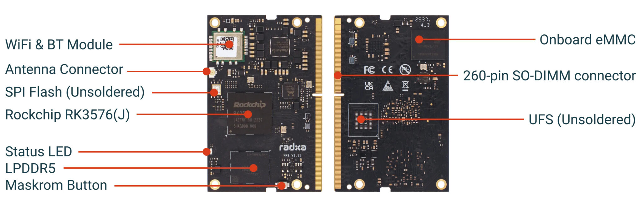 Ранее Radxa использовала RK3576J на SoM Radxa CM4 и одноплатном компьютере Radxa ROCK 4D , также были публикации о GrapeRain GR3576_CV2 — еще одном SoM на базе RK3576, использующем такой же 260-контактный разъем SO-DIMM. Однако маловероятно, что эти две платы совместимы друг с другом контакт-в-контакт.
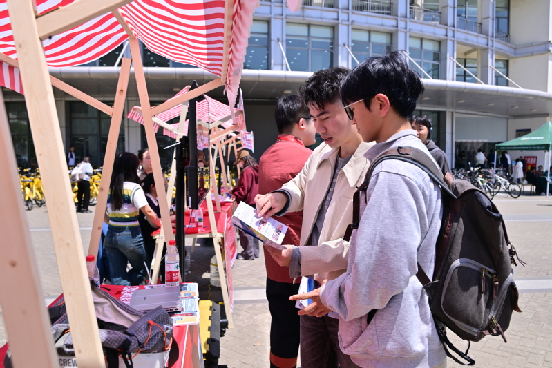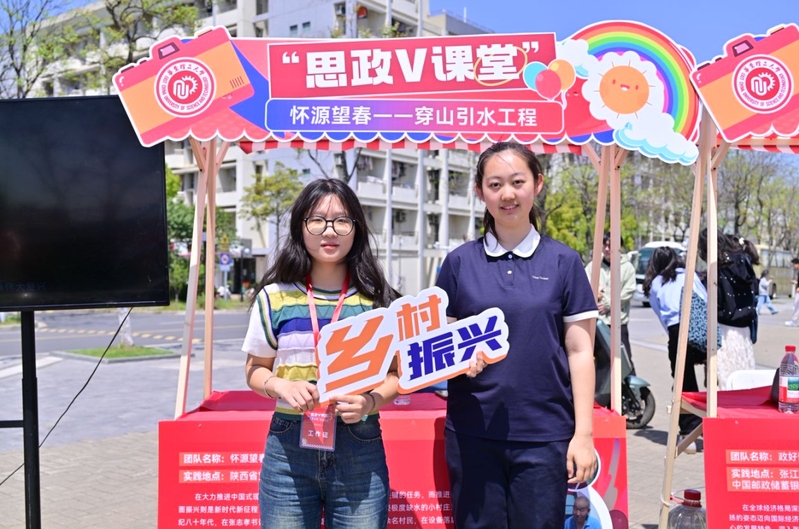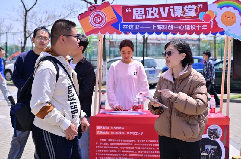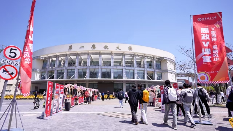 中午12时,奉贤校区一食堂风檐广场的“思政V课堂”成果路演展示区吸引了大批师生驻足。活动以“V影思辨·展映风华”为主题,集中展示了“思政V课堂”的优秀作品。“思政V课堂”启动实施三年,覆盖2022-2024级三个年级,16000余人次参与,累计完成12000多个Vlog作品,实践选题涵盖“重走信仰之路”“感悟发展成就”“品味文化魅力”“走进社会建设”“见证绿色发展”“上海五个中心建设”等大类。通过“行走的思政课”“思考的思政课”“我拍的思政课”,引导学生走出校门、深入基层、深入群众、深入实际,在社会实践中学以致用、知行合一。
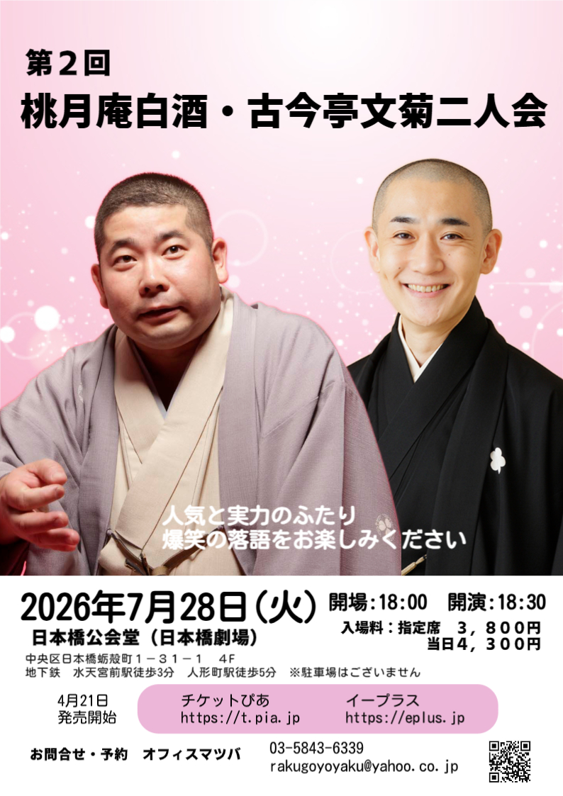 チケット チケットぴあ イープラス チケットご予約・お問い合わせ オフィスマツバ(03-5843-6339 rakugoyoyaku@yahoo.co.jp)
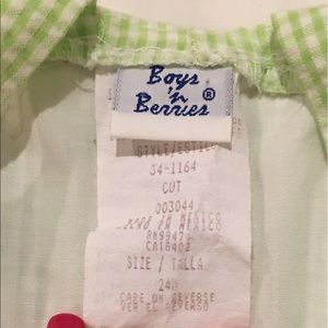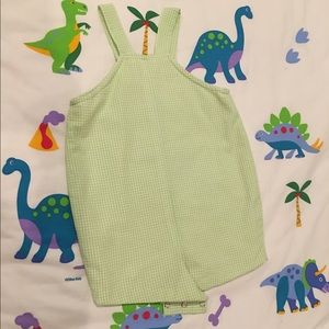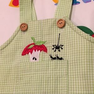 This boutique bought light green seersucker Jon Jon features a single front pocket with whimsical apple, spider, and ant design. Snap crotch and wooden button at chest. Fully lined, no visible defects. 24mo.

◆ ◆ ◆ ◆ ◆ ◆ ◆

Leave the pictures out and retype only the lines from the line with "チケット チケットぴあ イープラス" through the final line of the material, both ends included, word for word.

 チケット チケットぴあ イープラス チケットご予約・お問い合わせ オフィスマツバ(03-5843-6339 rakugoyoyaku@yahoo.co.jp)
 This boutique bought light green seersucker Jon Jon features a single front pocket with whimsical apple, spider, and ant design. Snap crotch and wooden button at chest. Fully lined, no visible defects. 24mo.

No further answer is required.